3.5.3. Configuring Encoding Parameters¶

As a better alternative to replication, Storage can provide data redundancy by means of erasure coding. With it, Storage breaks the incoming data stream into fragments of certain size, then splits each fragment into a certain number (M) of 1-megabyte pieces and creates a certain number (N) of parity pieces for redundancy. All pieces are distributed among M+N storage nodes, that is, one piece per node. On storage nodes, pieces are stored in regular chunks but such chunks are not replicated as redundancy is already achieved. The cluster can survive failure of any N storage nodes without data loss.

The values of M and N are indicated in the names of erasure coding redundancy modes. For example, in the 5+2 mode, the incoming data is broken into 5MB fragments, each fragment is split into five 1MB pieces and two more 1MB parity pieces are added for redundancy. In addition, if N is 2, the data is encoded using the RAID6 scheme, and if N is greater than 2, Reed-Solomon erasure codes are used.

It is recommended to use the following erasure coding redundancy modes (M+N):

1+0
3+2
5+2
7+2
17+3

Encoding is configured for directories. For example:

# vstorage set-attr -R /vstorage/stor1 encoding=5+2

After encoding is enabled, the redundancy mode cannot be changed back to replication. However, you can switch between different encoding modes for the same directory.

The general recommendation is to always have at least one more node in a cluster than required by the chosen redundancy scheme. For example, a cluster using replication with 3 replicas should have four nodes, and a cluster that works in the 7+2 erasure coding mode should have ten nodes. Such a cluster configuration has the following advantages:

The cluster will not be exposed to additional failures when in the degraded state. With one node down, the cluster may not survive another even single-disk failure without data loss.
You will be able to perform maintenance on cluster nodes that may be needed to recover a failed node (for example, for installing software updates).
In most cases, the cluster will have enough nodes to rebuild itself. In a cluster without a spare node, each replica of user data is distributed to each cluster node for redundancy. If one or two nodes go down, the user data will not be lost, but the cluster will become degraded and will only start self-healing after the failed nodes are back online. During its rebuilding process, the cluster may be exposed to additional failures until all of its nodes are healthy again.
You can replace and upgrade a cluster node without adding a new node to the cluster. A graceful release of a storage node is only possible if the remaining nodes in the cluster can comply with the configured redundancy scheme. You can, however, release a node forcibly without data migration, but it will make the cluster degraded and trigger the cluster self-healing.

Note

After upgrading a node in a mixed cluster, you cannot migrate VEs (virtual machines and containers) created in datastores with encoding EC 3+2, 5+2, 7+2, or 17+3 from VHS 7.5 Update 4 to VHS 7.5 Update 3. However, the migration of VEs created in local datastores and datastores with a 3-replica and 2-replica data redundancy mode is available. A mixed cluster is not supported and exists during the upgrade only.

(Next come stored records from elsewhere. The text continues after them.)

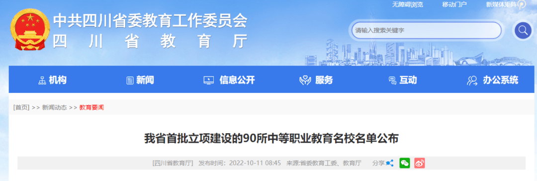 近日,教育厅、人力资源社会保障厅、财政厅印发《关于公布四川省中等职业教育名校名专业名实训基地建设工程立项建设名单和开展项目建设工作的通知》(以下简称《通知》。
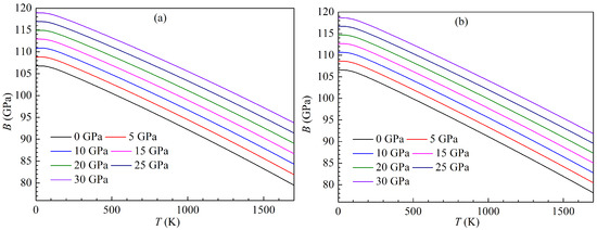The present variations of the isothermal bulk moduli with temperature for both LPSs under pressure up to 30 GPa are plotted in Figure 15. One can clearly see that the bulk moduli of both LPSs at a given pressure can decrease with rising the temperature, while their bulk moduli at a given temperature can increase with increasing the pressure. Similar to the changes of the volumes with temperature and pressure, the bulk moduli of both LPSs under various pressures show a slight decrease up to about 100 K and then a linear trend of sharp decrease at higher temperatures. The curves of the temperature dependent moduli under various pressures for either LPS are almost parallel to each other, and thus the modulus difference of either LPS at two pressures is almost unchanged with rising the temperature. These indicate the mechanical stabilities of both LPSs over the studied temperature and pressure ranges. At zero temperature and pressure, the bulk moduli of the h and r LPSs correspond to 106.78 and 106.56 GPa, which are also well self-consistent with those (107.91 and 108.42 GPa) of the above elastic properties.
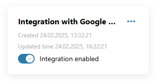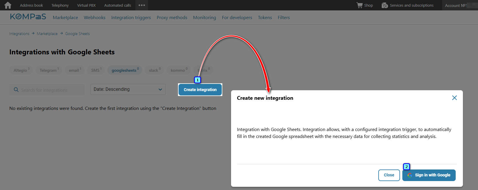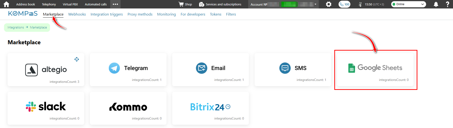 To create an integration, go to your KOMPaaS Personal Account, to the 'Integrations' → 'Marketplace' section and click on the 'Google Sheets' block.
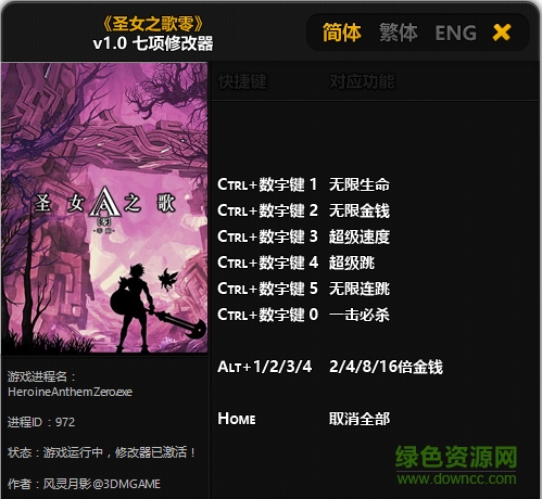 圣女之歌零七项修改器能够为玩家在《圣女之歌零》游戏中带了7种实用的功能,其中就包括有无限生命、无限金钱、无限连跳、一击必杀等,感兴趣的朋友可以来绿色资源网下载哦!
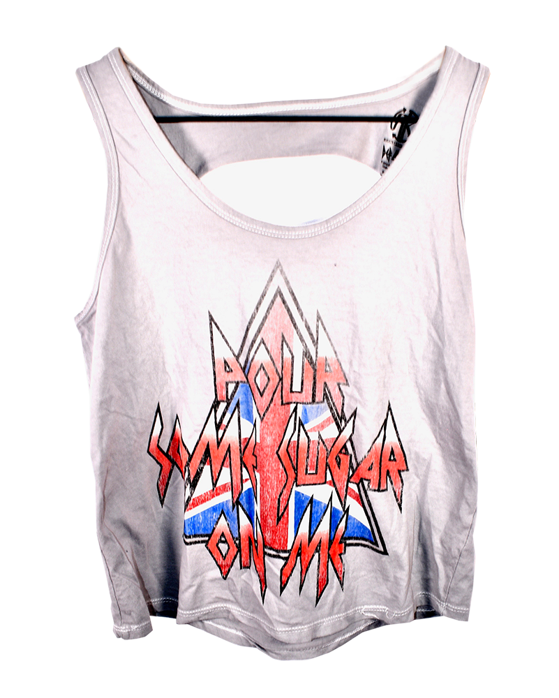 Put that tank top on me! A tribute to the Def Leppard single of the same name, this Pour Some Sugar on Me gray tank features a Union Jack design inside of a Hysteria-style triangle and Def Leppard font. From the collection of Def Leppard.
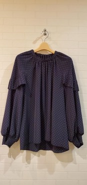 <BLUE FRONCE> ドット柄肩タックフリルブラウス
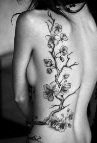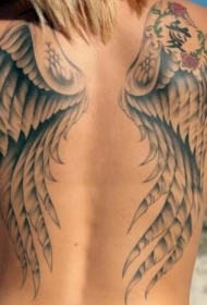 背部亚洲风格的黑白小翅膀与符号纹身图案
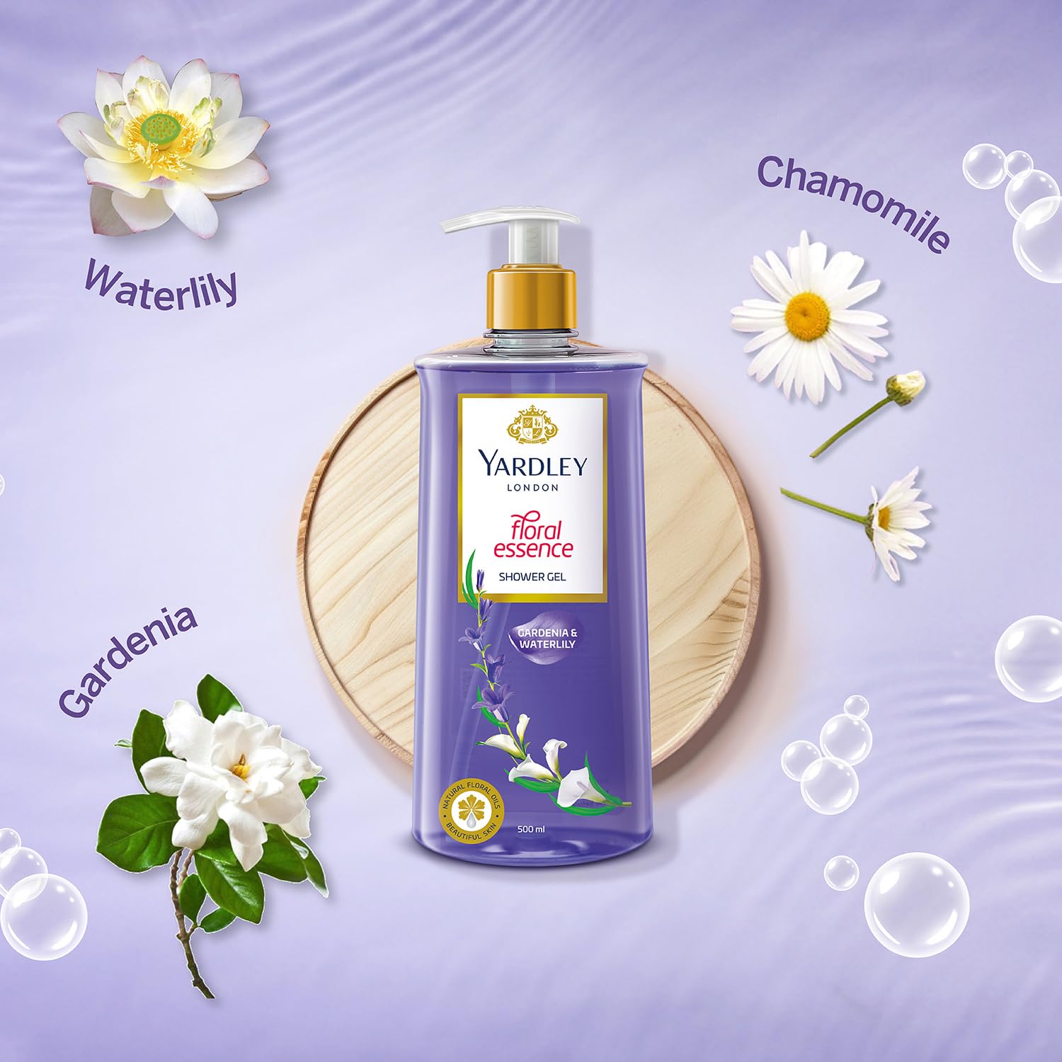 Yardley London| Shower Gel| Floral Essence| With Natural Floral Oils Of Gardenia & Waterlily| No Parabens| No Silicones | 500ml

3.5.4. Configuring Failure Domains¶

A failure domain is a set of services which can fail in a correlated manner. Due to correlated failures it is very critical to scatter data replicas across different failure domains for data availability. Failure domain examples include:

A single disk (the smallest possible failure domain). For this reason, Storage never places more than 1 data replica per disk or chunk server (CS).
A single host running multiple CS services. When such a host fails (e.g., due to a power outage or network disconnect), all CS services on it become unavailable at once. For this reason, Storage is configured by default to make sure that a single host never stores more than 1 chunk replica (see Defining Failure Domains below).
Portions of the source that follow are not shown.